A: We currently have limits placed by the FDA. There are discussions on evaluating these guidelines. We are so grateful for your generosity! Donation frequency is as follows:
- Whole blood donors must wait at least 8 weeks between donations
- Dual red cell donors must wait at least 16 weeks
- Platelet donors must wait 1 week in between donations
- Convalescent plasma can be in intervals as short as 5 days
Q: Why should I donate blood and what are the benefits?
A: STBTC needs to collect an adequate blood supply for more than 100 hospitals in 40 South Texas counties. We depend on volunteer blood donors to make this happen. Also, blood is perishable and there is no substitute. With each donation, you receive a mini-physical (pulse, temperature and iron check), earn donor points and redeem them for a free gift card of your choice on our rewards store and the satisfaction that comes from saving lives.

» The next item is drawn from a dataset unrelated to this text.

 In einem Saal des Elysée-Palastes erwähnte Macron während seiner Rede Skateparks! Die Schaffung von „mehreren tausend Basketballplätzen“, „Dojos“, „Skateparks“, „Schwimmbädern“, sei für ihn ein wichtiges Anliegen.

Q: Do you take financial donations as well?
A: Yes. You can make financial gifts at BloodnTissueFoundation.org and learn more about the different programs you can give to.
Q: How can someone get involved in hosting a blood drive or donating blood?

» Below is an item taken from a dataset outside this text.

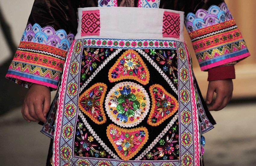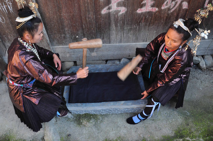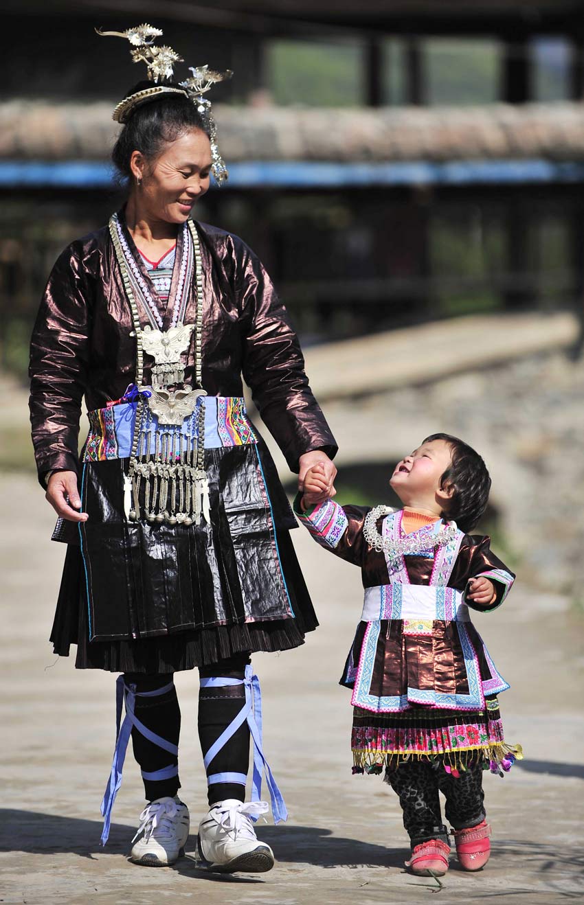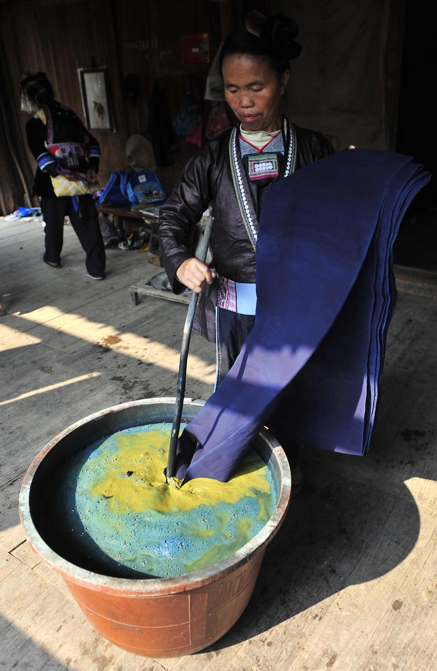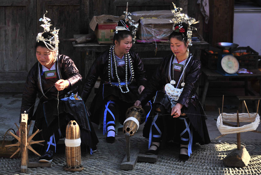贵州省黎平县铜关侗族村寨至今仍保持着手工制作侗族服装的传统。侗族服装的制作过程漫长而繁杂,从棉花的种植、收获到一件精美的成衣,要经过纺纱织布、浸染、刺绣等上百个步骤和长达一两年的时间才能完成。

A: They can find out more at SouthTexasBlood.org
Q: I’m a regular donor and just received my first COVID shot. How long after my second shot do I have to wait to donate?
A: There is no wait time to donate.
Q: Can you tell me about the Connect for Life program and how I can share the information with my peers?

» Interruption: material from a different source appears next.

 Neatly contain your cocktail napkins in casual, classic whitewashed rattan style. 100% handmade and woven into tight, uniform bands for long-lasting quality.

A: You can follow us on our social media pages @connectforlife on Facebook, Instagram and Twitter and South Texas Blood & Tissue Center on LinkedIn.
Q: What would be the first step to coordinate a blood drive in a neighborhood community?
A: Learn about coordinating a blood drive by contacting us here.
Q: Are company onsite blood drives back on?
A: Yes. We can visit your location through our mobile blood donation teams. We have options to use a bus or set up inside your location, as space permits.
Q: Besides blood drives, how can companies partner with you?
A: We always need help sharing information about the need for blood and tissue donors, and a great way to help is to share information we post on social media. Please follow us @connectforlife on Facebook or Instagram. Financial contributions also are a great way to help. More information on ways to give can be found here.
Q: What can be done to raise platelet count for donation?
A: Eating certain foods that support platelet production can help.
Q: Does the South Texas Blood & Tissue Center have a cord blood bank?
A: Yes! The Texas Cord Blood Bank, the state’s only public cord blood bank, is located at the headquarters campus.
Q: What does it mean if a COVID antibody test results in positive?
A: A positive antibody tests indicates that the test method was able to detect the presence of antibodies in the sample. If there are antibodies present it means you were likely infected or exposed to the virus, which triggered the response of your immune system to protect you through developing the antibodies.
Q: How can someone confirm they are still on the marrow registry if they have registered with a cheek swab years ago?
A: Go here to update your information. It is not possible to predict how long it will take to receive a call to donate, but while you are waiting please ensure that your contact information is current. Thank you for signing up for the registry!